The data began to play. At the four-second mark, the dark dot was replaced by a point of white light. The light point expanded then vanished. There was no sign of the dot.
‘What did I just see?’ asked Gaunt. ‘An explosion?’
‘Sensor resolution is very poor,’ said Darulin, ‘but yes. The enemy base-ship just went up. Total disintegration.’
‘But it was bigger than us,’ said Criid.
‘It was,’ Darulin agreed.
‘So, what… a drive accident?’ asked Gaunt.
‘What’s that?’ asked Kelvedon, reaching in to point.
Another dark dot, a larger one, had appeared on the scope. It was moving past the point where the other dot had vanished. It was accelerating towards the Armaduke.
‘That’s a ship,’ said Darulin. ‘A very large ship.’

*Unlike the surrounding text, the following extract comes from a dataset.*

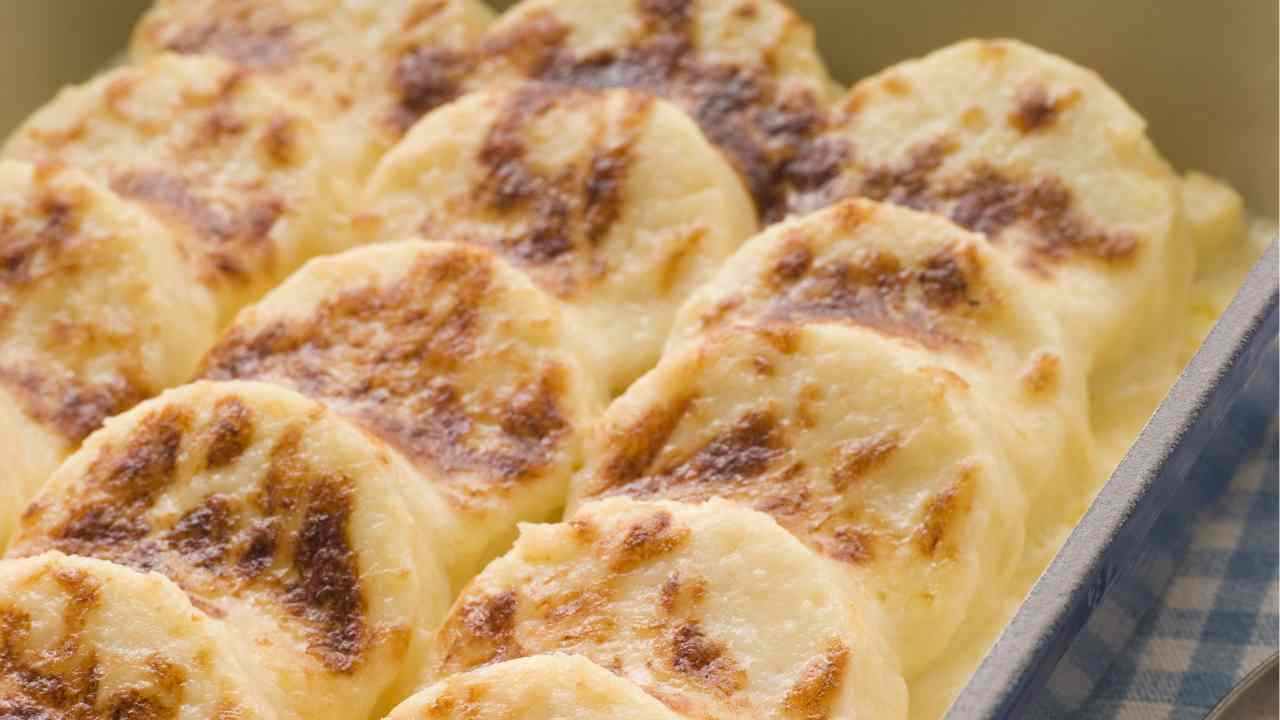 - Fate raffreddare completamente in frigorifero per mezz’ora, quindi con un coppapasta ricavate tanti dischi. Posizionateli in una teglia ben imburrata e metteteli da parte. Prendete un pentolino e scaldate il latte: quando vedrete comparire le prime bollicine, versate il burro ed il pecorino fresco grattugiato. Mescolate energicamente formando una salsa, quindi versatela sugli gnocchi.

‘Time to us?’ asked Gaunt.
‘It’s on us already,’ said Darulin. He turned to the bridge crew. ‘I want identifiers now! Now!’ he shouted.
‘We have visual,’ Kelvedon called.
Something was coming in at them, something so massive it was eclipsing local starlight. It was casting a vast shadow across the crippled, helpless Armaduke. The light on the bridge changed as the shadow slid over them, throwing the external ports into blackness.
‘We’re in its shadow,’ said Darulin quietly. The bridge grew very still and very quiet. There was no sound except the rasp of the air scrubbers, the chatter of automatic systems and the occasional ping of the display system.
Suddenly, the vox went live. A screaming noise shrieked from every speaker. Everyone flinched and covered their ears.
The deafening noise became words. A voice that was not human. A voice that echoed from the pit of space.
‘tormageddon monstrum rex! tormageddon monstrum rex! tormaggeddon monstrum rex!’
‘The daemon ship from Tavis Sun,’ Kelvedon stammered.
‘The enemy battleship,’ Darulin nodded. He looked pale, resigned.
Criid looked at Gaunt, aghast. ‘Sir?’
‘Do we have shields yet, or…’ Gaunt’s voice trailed off. The name was still booming from the speakers, over and over, like a chant. Gaunt could see the look on Acting Shipmaster Darulin’s face.